Data is the fuel that powers AI/ML projects. Access to data of sufficient volume, quality and relevance is critical in being able to develop and test AI/ML products. Therefore, the data capabilities and assets of the organisation are key, and having quality data sets that are discoverable and accessible in a self-serve way is vital to success.
Testing AI/ML products is more complex than traditional software. In addition to all the traditional failure modes, there is an additional level of testing required to evaluate model performance. Whereas traditional testing is pass/fail, AI/ML systems can have non-deterministic, stochastic outputs, so different approaches to measuring quality are required. Often there is a subjective element that requires Subject Matter Experts to be involved in assurance, and statistical approaches including the measurement of training and output biases.
Tooling and infrastructure
Much of the tools and infrastructure required are the same as for traditional software development (source control, CI/CD, hosting infrastructure). However, there are additional tools required such as data exploration, visualisation, experiment tracking, and notebooks amongst others. Given the dynamic nature of the work, self-serve access to these tools and infrastructure is vital to enable tight feedback loops when experimenting.
The importance of a research culture
In my view, this is the most important and often overlooked difference between the capabilities required for traditional software engineering and those required for AI/ML projects: expertise in the effective management of research projects. It is not fair to assume that your software engineers or engineering leaders will have any expertise in this area – it has not been a requirement of them on software development projects until now.
The development of AI/ML products carries a lot of uncertainty and has as much in common with research as it does with engineering. Whilst MLOps and DevOps mention experimentation as a key capability, they leave out the skills and cultural elements required to successfully perform research in a commercial setting.
Research is concerned with asking and answering questions, whereas engineering is concerned with building things. Engineering organisations are not always set up with the cultural mindset of performing research. Embracing this different perspective is important. If the difference is not recognised, it can lead to inefficient delivery of research-heavy projects, friction within delivery teams composed of research and engineering roles, and organisational expectations being misaligned with the reality of delivering products with high levels of uncertainty.

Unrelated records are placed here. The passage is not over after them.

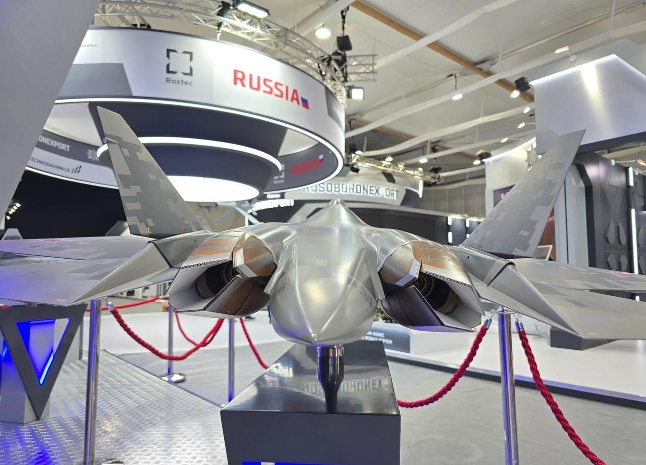 迪拜航展 — 俄罗斯展示了一架配备新型АЛ-51Ф1(产品 30)涡扇发动机的 Су-57 模型,该发动机具有扁平喷嘴和推力矢量控制功能。
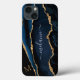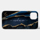 Marbre bleu marine Monogramme Nom coque iphone
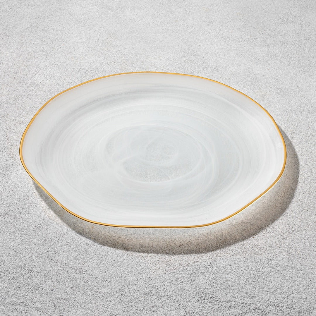 6PK VIKKO CEDAR GLASS CHARGER WHITE ALABASTER GOLD RIM13
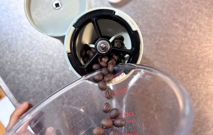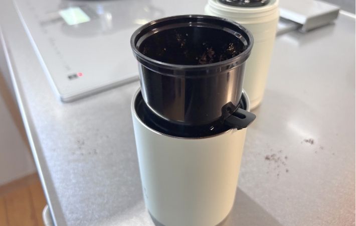 電動なので力もいらず、忙しい朝の時間でも『ながら作業』で豆が挽けるのは非常に便利です。
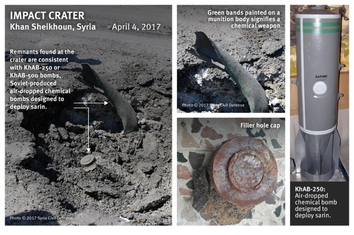 У матеріалі йдеться, що фотографії і відеозаписи, зроблені в Хан-Шейхуні, свідчать про те, що там, імовірно, були використані авіаційні бомби радянського виробництва, які спеціально створили для доставки зарину.
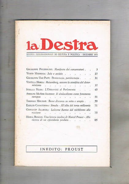 La Destra rivista internazionale di cultura e politica, che annovera nel comitato intrernazionale: Mircea Eliade, Ernst Jünger, Giuseppe Prezzolini, ecc. Anno I° n° 1 unico uscito dell'annata. Contiene tra l'altro una lettera inedita di M. Proust alla ricerca di un epistolario perduto.

Building these skills and fostering a research culture is in my opinion one of the most – if not the most – important factors for success in incorporating AI/ML into products and services. Only in this way can you ensure that hypotheses and experiments are well-defined, and that research is well-directed and remains focused.
To wrap up, we have identified some broad areas where developing AI/ML solutions is different from traditional software development. However, the maturity required in each of these areas will be driven by the characteristics of applications and the business context in which they are deployed. In addition, building research skills and culture is an important factor in success. Both of these topics will be addressed in more detail in an upcoming white paper.